All my "clever" :) processing is to truncate the svd at some level, reconstruct the truncated Hessian and invert it. I don't know whether there are any more robust ways of going about this, and that do not involve trial and error in terms of truncating the matrix.
Thanks
 A: You're really asking the wrong question here...
Let's back up a bit.  You're attempting to estimate some parameters here, either by a maximum likelihood method or more likely by $\chi^2$ minimization, right?  Normally, after you've completed the $\chi^2$ minimization, you take the Hessian of $\chi^2$ at the optimal parameters, and then use its inverse as a covariance matrix for the fitted parameters, right?  However, you've found that your Hessian matrix is essentially singular, right?  
So what does this mean?  
First, the fact that the Hessian is essentially singular tells you that the $\chi^2$ minimization problem is ill-conditioned in the sense that many different sets of parameters fit the data equally well.  This presents problems for whatever algorithm you used to perform the $\chi^2$ minimization, and it's likely in practice that you haven't got a very good minimum.  
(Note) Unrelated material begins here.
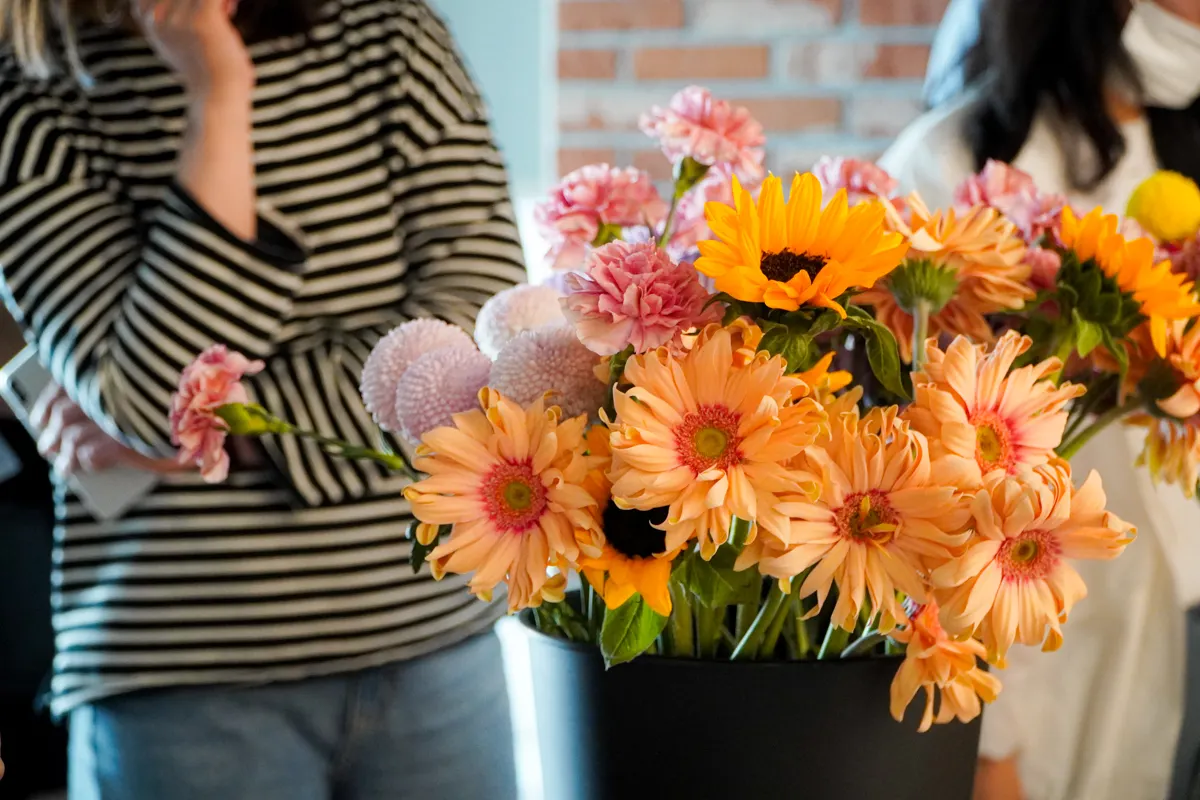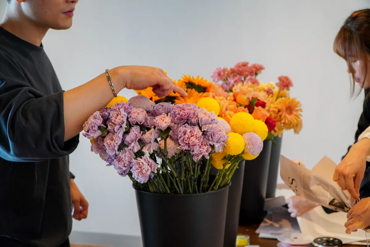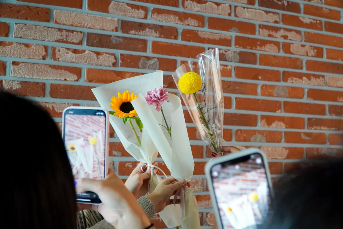 퐁퐁국화, 카네이션, 해바라기, 장미, 거베라 등 다양한 종류의 꽃 중 하나만 골라야 하는 게 고민이었겠죠? 그 탓에 줄이 조금 길어지기는 했지만
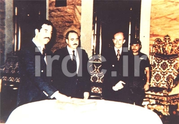 صدام حسین به اتفاق دو تن از مقامات عراقی در حال سوگند خوردن به قرآن برای لغو قرارداد ۱۹۷۵ الجزایره میان ایران و عراق

More importantly, the fact that the $\chi^2$ minimization problem is ill-conditioned tells you that the experiment you conducted really doesn't pin down the values of the parameters that you're trying to estimate.  
It's important to understand that the problem you have here is not one of numerical computing, but that it is in fact a significant statistical issue.  What you really need to do here is redesign your experiment so that it will provide you with useful information about the parameters that you're trying to estimate. 
Trying to kludge together some sort of approximate covariance matrix by using the truncated SVD is simply the wrong way to approach this problem.  What will go wrong?  By truncating the SVD, you'll end up with confidence intervals for the fitted parameters that are overly tight.